强韧与微结构稳定一体化Al2O3–GAP共晶涂层的高PV值磨损服役行为
基本信息
结项摘要
Oxide ceramics show high strength, high hardness, good high temperature and oxidation resistances. The corresponding coatings exhibit excellent application potential in the dynamic seal systems of aeronautical, astronautical and high-class civil fields.
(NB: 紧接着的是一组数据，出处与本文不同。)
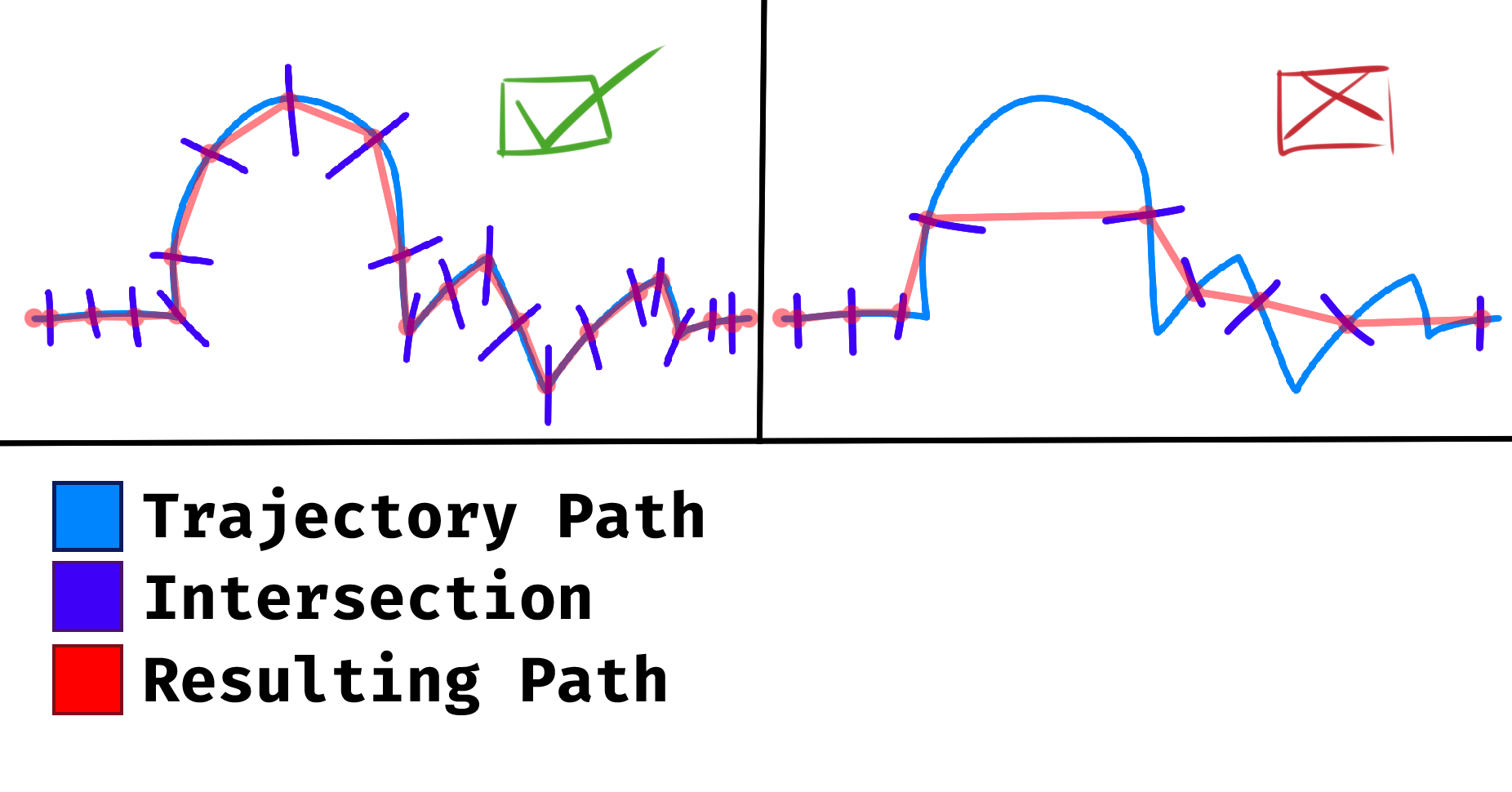 It's a good practice to always draw intersection on spots where sharp turn (eg: before/after turning, middle of the rotation, etc) is encountered. This is to ensure that object doesn't skip over certain path.
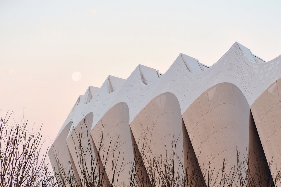 The building’s facade takes reeds as its formal inspiration. Large triangular rigid frames work in tandem with the roof, counteracting the tension of the cables while resisting wind loads, ensuring stability in the strong-wind conditions of Chongming. The inner and outer conical, hyperbolic fan-shaped surfaces create a continuous undulating form, as light and airy as reeds swaying in the breeze. Alternating aluminum panels and glass introduce layers of solidity and transparency, their surfaces folding and shifting in the light to produce a crown-like appearance. In this way, the velodrome balances structural strength with a gentle, natural softness.
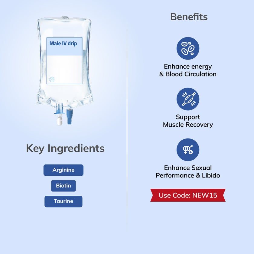 A revitalizing Men's Performance IV treatment designed to boost men’s health and performance. It helps improve energy, circulation, and overall vitality while supporting muscle recovery and sexual wellness.
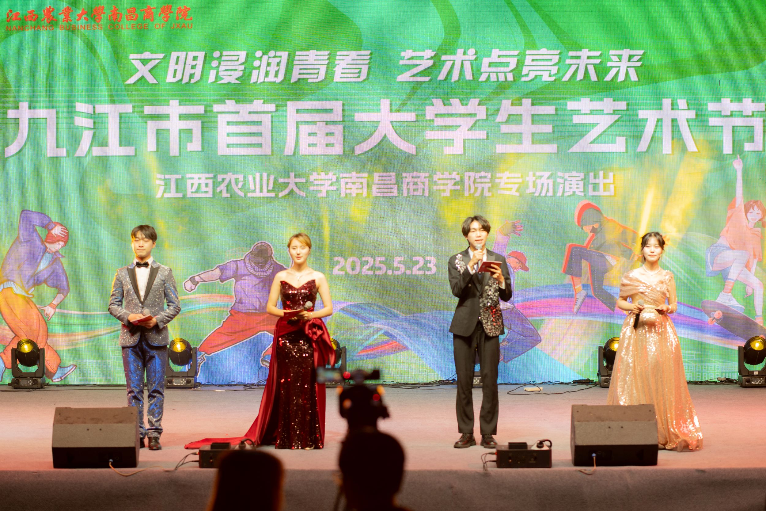 为积极响应九江市首届大学生艺术节号召,搭建大学生文化艺术深度交流平台,5月23日晚,由九江市委宣传部、市文明办、团市委等主办的九江市首届大学生艺术节江西农业大学南昌商学院专场演出在九江市九动梦工厂举行。

However, previous investigations were mainly focused on the mechanical properties of the coatings without taking account of their high temperature microstructure and mechanical performance stabilities under high PV (P: contact pressure; V: friction velocity) wear conditions accompanied by high temperature, serious oxidation and strong thermal shock. Based upon rapid directional solidification growth feature of Al2O3-based bulk eutectic ceramics, this study is to deposit the novel Al2O3–GdAlO3 (GAP) eutectic ceramic coatings via atmospheric plasma spraying. Simultaneously, strength-ductility synergy is achieved with multiscale distributions of Al2O3/GAP eutectic phases in the coatings. This project mainly investigates the coupled growth mechanism of interlocked Al2O3/GAP eutectic phases with network structure. Cooperatively strengthening and toughening mechanism of the coatings will be studied. The integration of strengthening, toughening and microstructure stabilization for Al2O3–GAP eutectic ceramic coatings will be realized. Additionally, the wear behavior and failure mechanism of the coatings will be elucidated under the above-mentioned severe conditions. These studies will provide theoretical basis and technical support for developing high performance Al2O3-based wear resistant coatings for high PV value applications.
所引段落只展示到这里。